SeqSleuth is a Python package developed for the Genome in a Bottle (GIAB) data portal. It's purpose is to collect and organize metadata from Fastq, bam, and vcf files for further usage and analysis. The primary goal of this project is to streamline and automate the metadata extraction and processing workflow for the GIAB project.
While we are open to re-use or modification of the code by the community, please note that the package is currently being developed with the specific use-case of the GIAB project in mind. Therefore, functionality required for other projects may not be provided or may require adaptation of the existing code.
- Extracts metadata from fastq, bam, and vcf files based on file url and file contents.
- Outputs the extracted metadata to a CSV file for easy review and further processing
- Supports multi-threading to speed up metadata extraction from large batches of files
This package requires Python 3.7 or newer.
Clone this repository to your local machine and navigate to the project root directory.
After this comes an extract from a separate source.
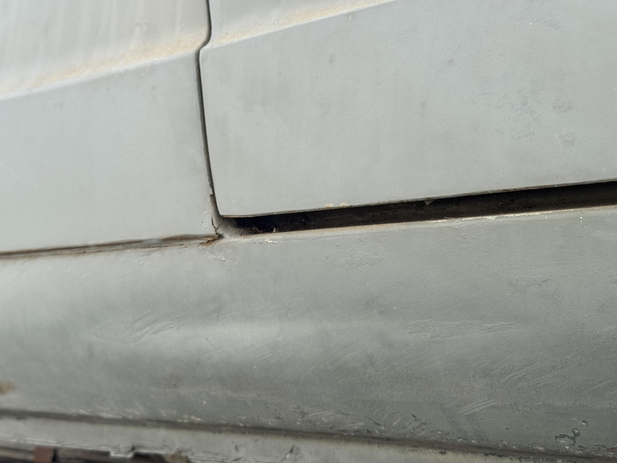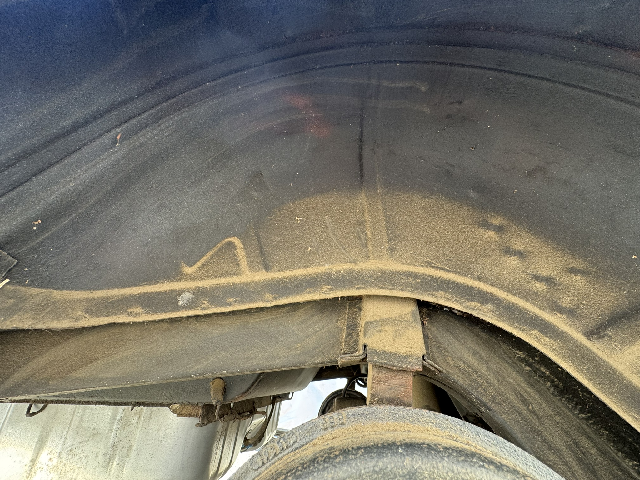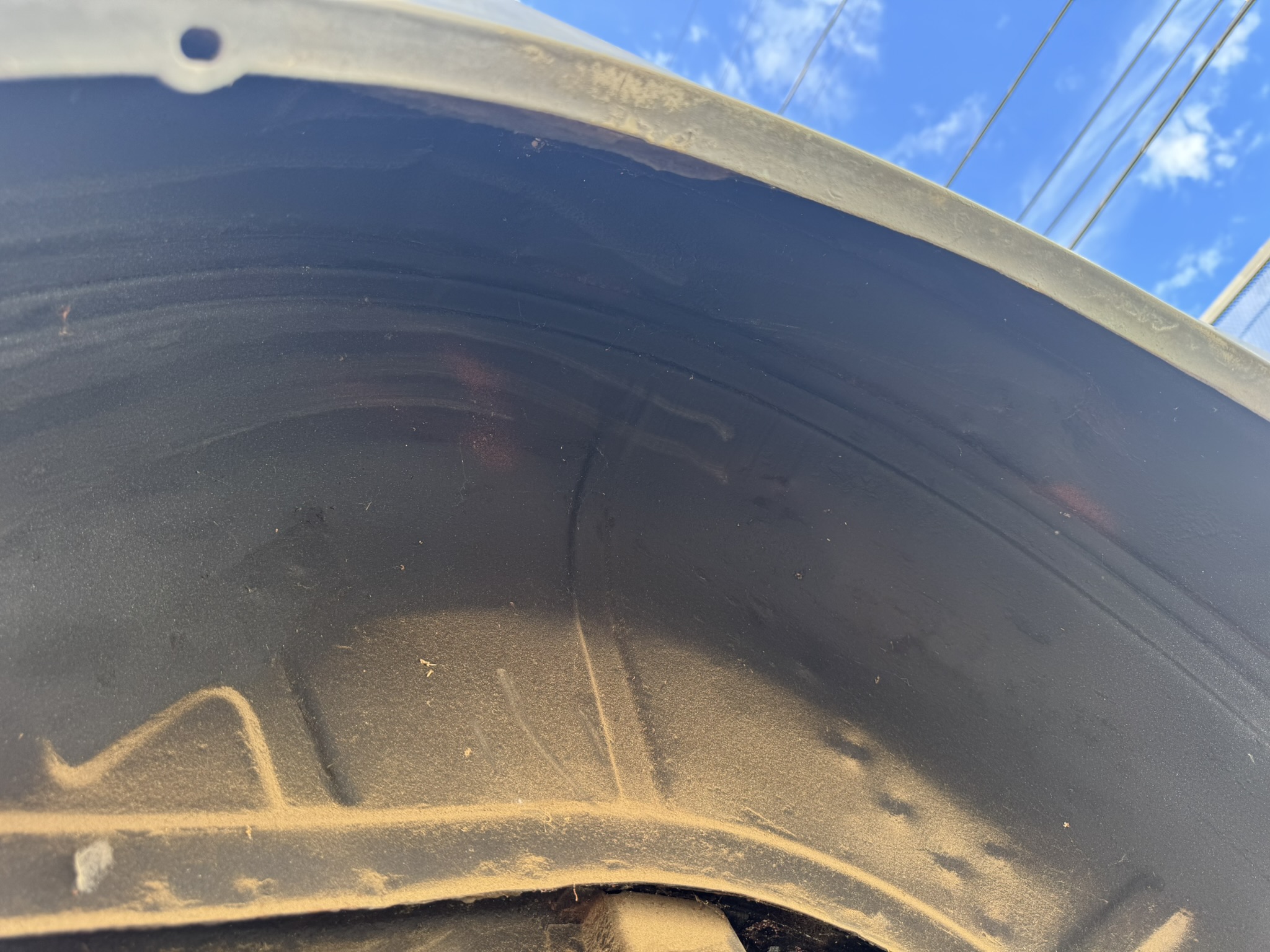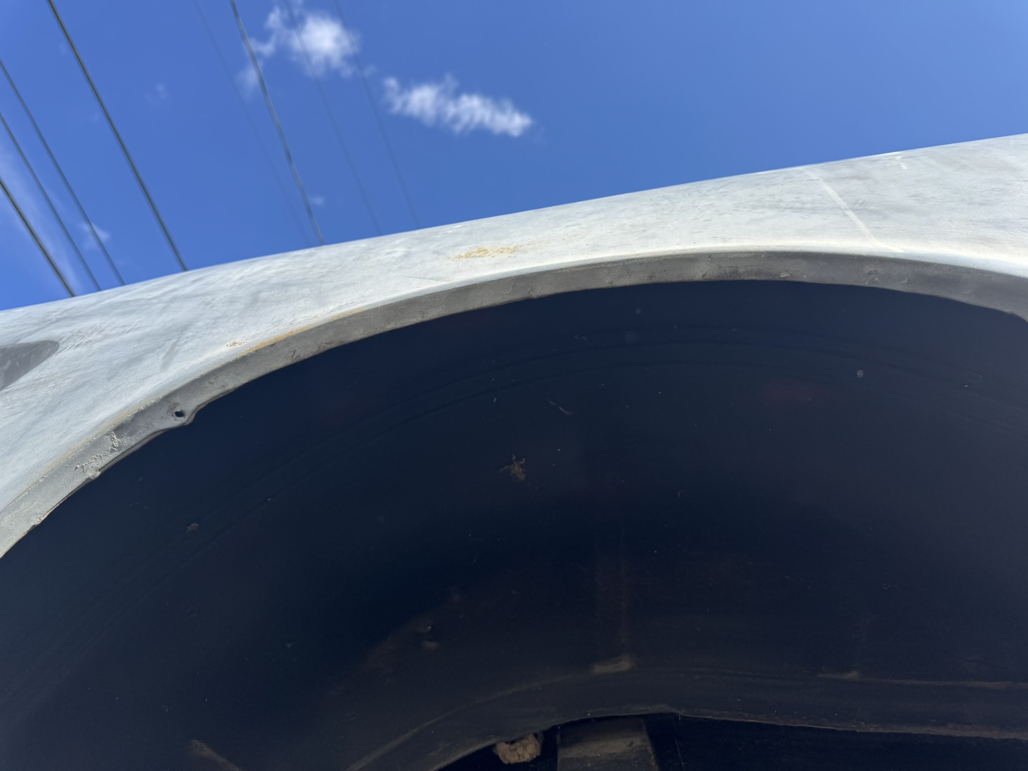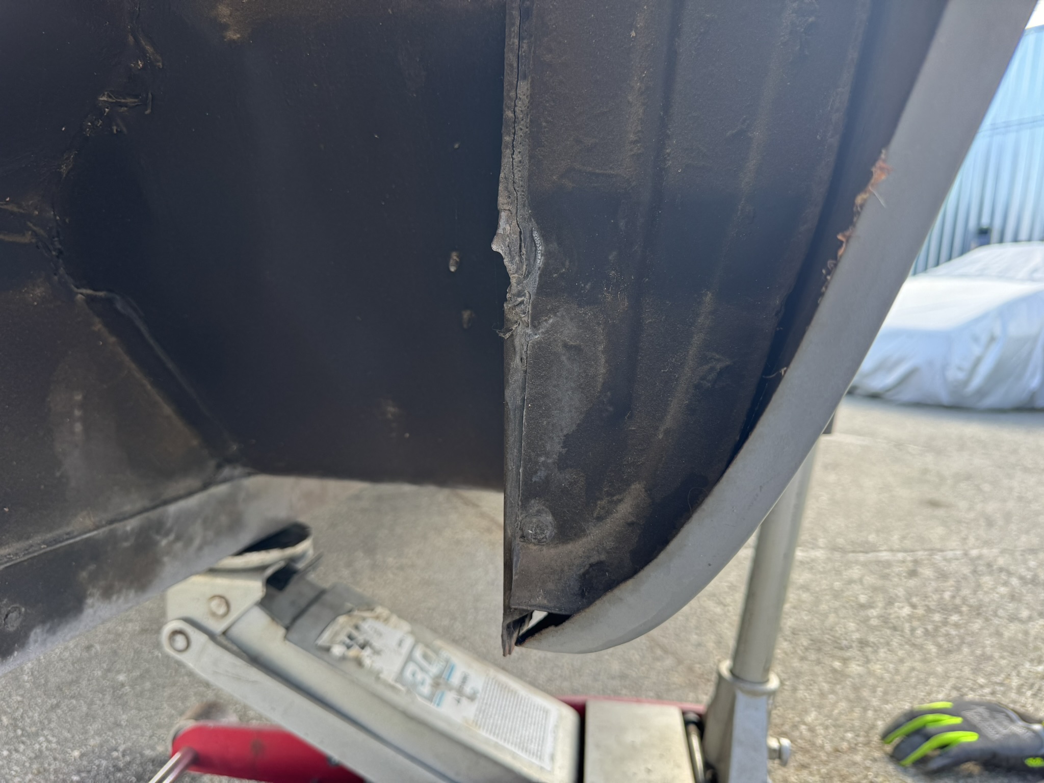 The body is in excellent condition with no hidden bondo, having been stripped to bare metal by the previous owner. The exceptions are the typical rust spot on the bottom front corner of the driver door, some rust holes on the driver side roof, and a replaced passenger quarter panel. Body components included but uninstalled are the front valance, front bumper, and grille components. The front fenders are reportedly replacements and are loosely installed. The hood is in good condition except for one small drilled hole. The front and rear frame rails are in excellent condition.

Run the following command to install the necessary dependencies:
pip install .
The primary script for this package is main.py
. It takes a list of Fastq files as arguments, and outputs the extracted metadata to a CSV file.
Basic usage is as follows:
usage: seqsleuth [-h] [--num_reads NUM_READS] [--workers WORKERS] [--output_dir OUTPUT_DIR] [--verbose] [--progress] [--version] file_list
Predict the technology and extract metadata from fastq, bam, and vcf files.
positional arguments:
file_list A csv file containing a the columns `file_type`, `filename`, and `filepath`. The `filename` and `filepath` values are combined to generate the file url, assuming the file is
on the NIH hosted GIAB ftp site.
options:
-h, --help show this help message and exit
--num_reads NUM_READS
Number of reads to process. Defaults to 5. Set to -1 to process all reads.
--workers WORKERS Number of worker threads. Defaults to 1. Set to 'all' to use all CPU cores.
--output_dir OUTPUT_DIR
Output directory.
--verbose Print detailed messages.
--progress Show progress bar.
--version show program's version number and exit
We are not currently accepting contributions from the community, as the package is being developed specifically for the GIAB project. However, we welcome feedback and suggestions.
This project is licensed under the MIT License - see the LICENSE file for details.
- This script was developed with assistance from a conversation with OpenAI's ChatGPT.